[EXERCISE DESCRIPTION] Please restate, word for word, the lines below that begin at the one with "Während im Süden" and end at the one with "自9月份以来,欧洲积极从各种". Leave out all other lines.

-- INFORMATION PROVIDED follows --

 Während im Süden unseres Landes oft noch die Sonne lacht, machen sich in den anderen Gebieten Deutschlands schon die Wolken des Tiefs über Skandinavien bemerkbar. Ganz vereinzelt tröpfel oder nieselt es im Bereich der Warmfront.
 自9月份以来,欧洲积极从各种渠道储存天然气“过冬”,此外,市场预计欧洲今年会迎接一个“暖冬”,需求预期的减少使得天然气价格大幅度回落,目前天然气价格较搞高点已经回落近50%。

-- INFORMATION PROVIDED concluded --
-- INFORMATION PROVIDED follows --

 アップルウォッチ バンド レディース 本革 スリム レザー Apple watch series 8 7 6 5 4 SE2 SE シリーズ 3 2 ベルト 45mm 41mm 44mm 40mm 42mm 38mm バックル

-- INFORMATION PROVIDED concluded --

[SOLUTION FOR THIS EXERCISE]
 Während im Süden unseres Landes oft noch die Sonne lacht, machen sich in den anderen Gebieten Deutschlands schon die Wolken des Tiefs über Skandinavien bemerkbar. Ganz vereinzelt tröpfel oder nieselt es im Bereich der Warmfront.
 自9月份以来,欧洲积极从各种渠道储存天然气“过冬”,此外,市场预计欧洲今年会迎接一个“暖冬”,需求预期的减少使得天然气价格大幅度回落,目前天然气价格较搞高点已经回落近50%。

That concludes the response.